Dana - Apr 14, 2008 9:48:23 am PDT #1660 of 10001
I'm terrifically busy with my ennui.

We become so bent out of shape over something as simple as letting your children out of sight on the playground that it starts seeming on par with letting them play on the railroad tracks at night. In the rain. In dark non-reflective coats.

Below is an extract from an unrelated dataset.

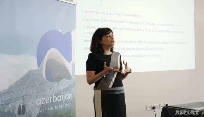 Daha sonra Büronun brend və marketinq üzrə direktoru Fidan Əliyeva Azərbaycanın yeni turizm brendi və loqosunu təqdim edib. O, Azərbaycan mədəniyyətindən və tarixindən bəhs edərək bildirib ki, ölkə bir çox imkanlara malikdir: “Mədəniyyətimiz, insanlarımız, tarixi gözəlliklərimiz insanları hər zaman özünə çəkir. Biz yeni brendi yaradarkən məqsədimiz Azərbaycanın daha bir gözəlliyini üzə çıxarmaqdır”.

Uh, I'm not sure letting your kid out of sight on a playground is the same thing as letting a nine-year-old kid loose in New York City. But IANAParent, I guess.


Jessica - Apr 14, 2008 9:54:05 am PDT #1661 of 10001
And then Ortus came and said "It's Ortin' time" and they all Orted off into the sunset

Most of the people I know who grew up here were riding the subway alone by 9 years-old. (Especially if they were attending a school in the opposite direction of both parents' workplaces.)


Kristen - Apr 14, 2008 9:54:05 am PDT #1662 of 10001

I can't remember the age at which I was allowed to take the subway alone. Maybe 12?

I took the bus alone much younger than that. It was how I got to/from school.


Allyson - Apr 14, 2008 9:57:02 am PDT #1663 of 10001
Wait, is this real-world child support, where the money goes to buy food for the kids, or MRA fantasyland child support where the women just buy Ferraris and cocaine? -Jessica

Justice Department data actually show the number of children abducted by strangers has been going down over the years. So why not let your kids get home from school by themselves?

I dunno. Maybe the number is dwindling because parents pack the pale, fragile little pickles into the bullet-proof SVU and have them tagged with GPS.

Possible.


Nora Deirdre - Apr 14, 2008 9:57:19 am PDT #1664 of 10001
I’m responsible for my own happiness? I can’t even be responsible for my own breakfast! (Bojack Horseman)

I took the bus alone much younger than that. It was how I got to/from school.

My sister and I took the city bus to school in elementary school. When we went to a public neighborhood school, we walked by ourselves.